Ketika para penyair sibuk memilih diksi untuk mengungkapkan perasaan mereka. Aku malah sibuk memikirkan diriku sendiri.
Aku Aluna.
Sekarang aku sudah bermetamorfosis, menjelma menjadi kupu-kupu jalang yang indah. Warna sayapku keemasan bercampur jingga. Dan putik mataku bercahaya biru.

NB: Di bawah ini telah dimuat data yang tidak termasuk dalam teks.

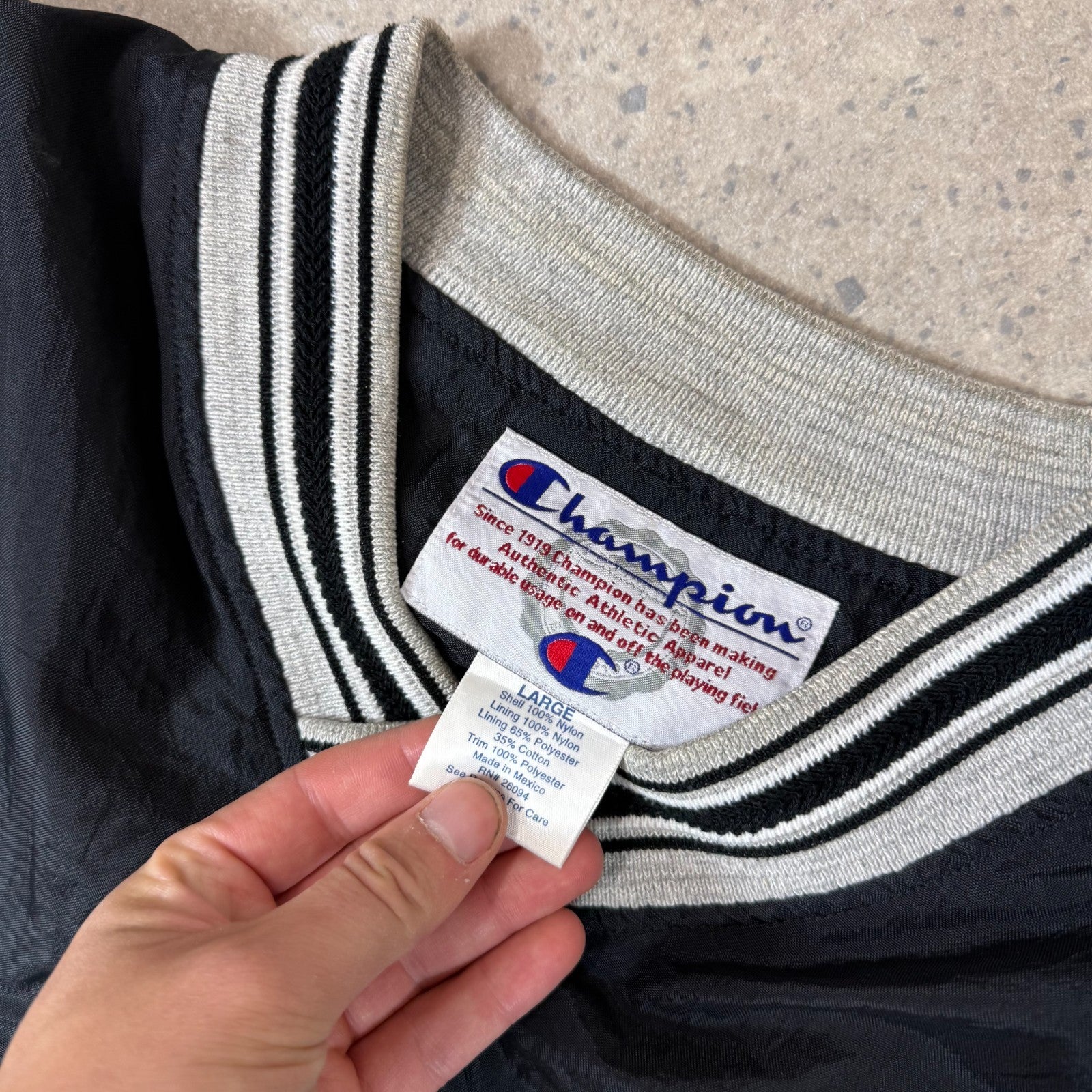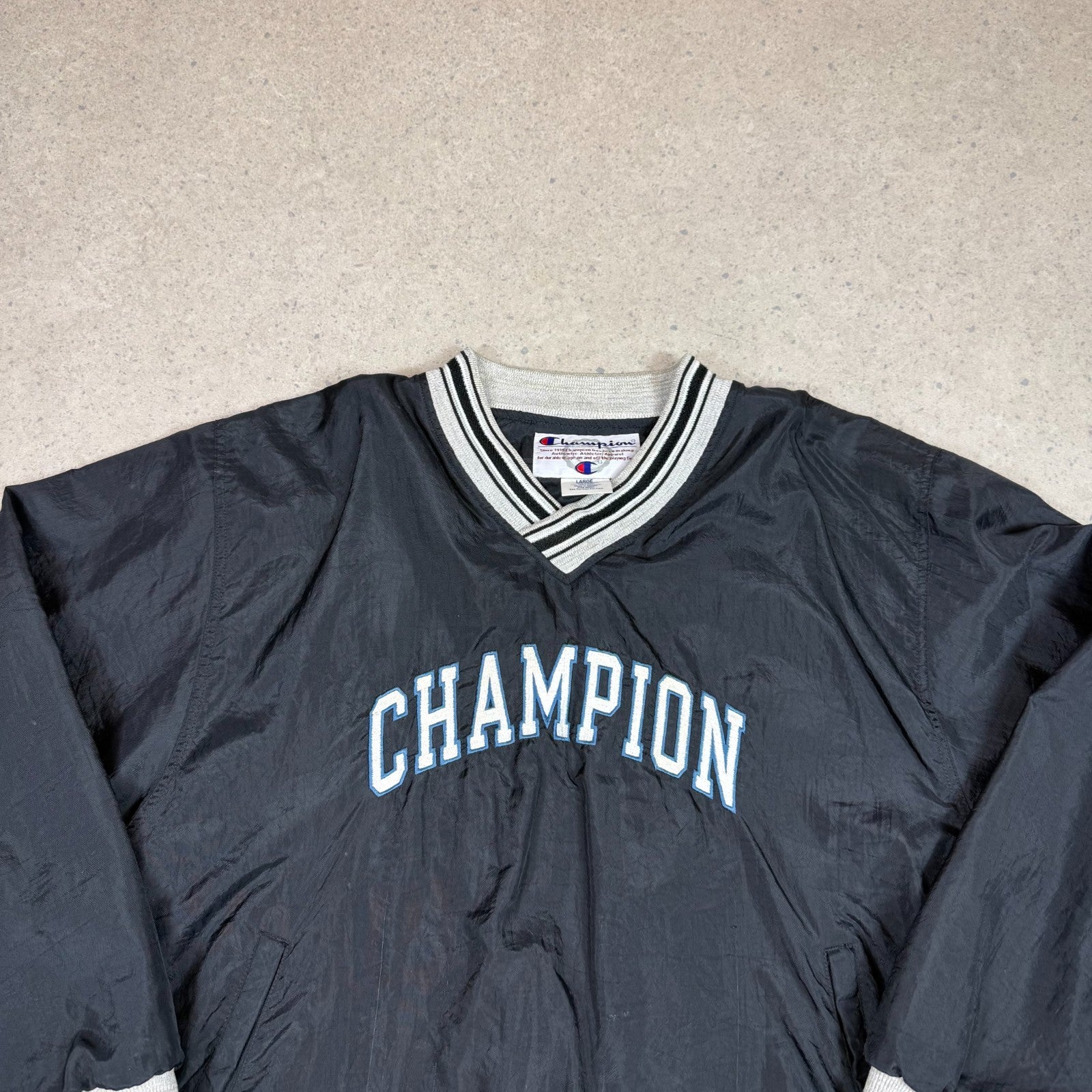 Champion Windbreaker Large Black Pulllover Fully Embroidered V Neck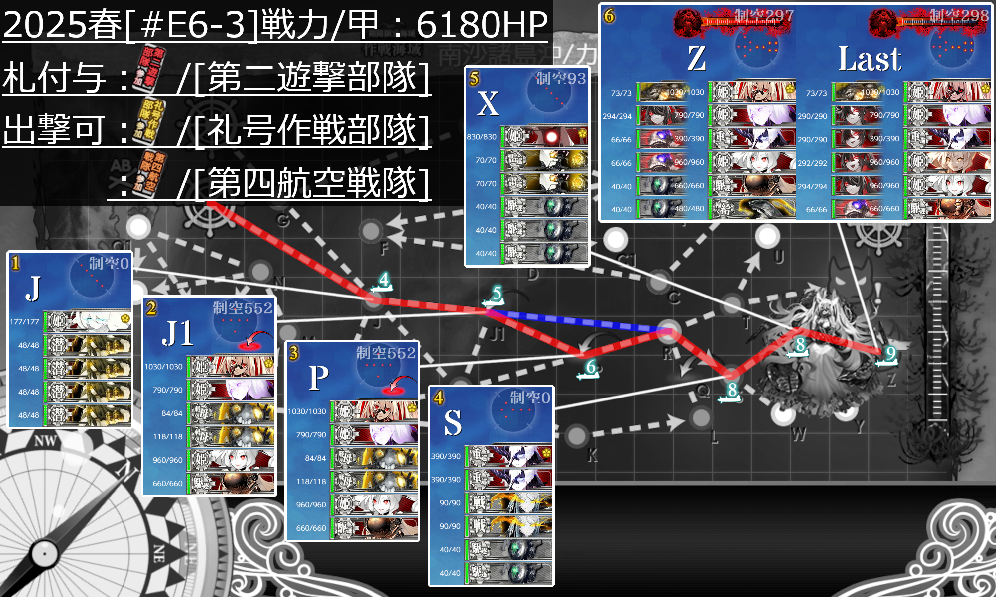 - Oマス(#E6-1boss)S勝利×2:[礼号作戦部隊][第四航空戦隊][第二遊撃部隊]

Lalu aku mencari tahu. Siapa kini yang peduli pada seekor kupu-kupu yang terbang berkeliaran di sudut kota? Setelah laki-laki 'milik Ibu' itu berhasil merenggut mahkotaku---secara paksa, seperti tangan Ibu saat menjambak rambutku. Di sore yang amat kubenci itu.
"Jangan menangis!" aku memarahi diriku sendiri. "Semua sudah terjadi. Airmata tak akan mampu menyelesaikan masalah."
Aku berdiri tegak. Mengangkat daguku sedikit. Angkuh.
Seorang perempuan bertubuh tambun memberi tanda dengan mengedikkan kepala tuanya sedikit ke arahku.
"Tamu pertamamu hari ini, Aluna," perempuan itu menatapku dengan tatap nyalang. Ada bayang-bayang lembar uang melintas di kornea matanya.
Aku berjalan anggun mendekati laki-laki pertama yang menginginkanku. Laki-laki setengah umur yang lebih pantas menjadi Ayahku. Yang dari mulutnya menguar aroma alkohol amat menyengat. Membuat perutku mual dan nyaris muntah.Â
"Sekarang?" aku menantang. Laki-laki itu mengangguk. Senang.
Kami tak banyak bicara. Berjalan beriringan memasuki sebuah kamar bernomor ganjil. 13. Nomor favoritku.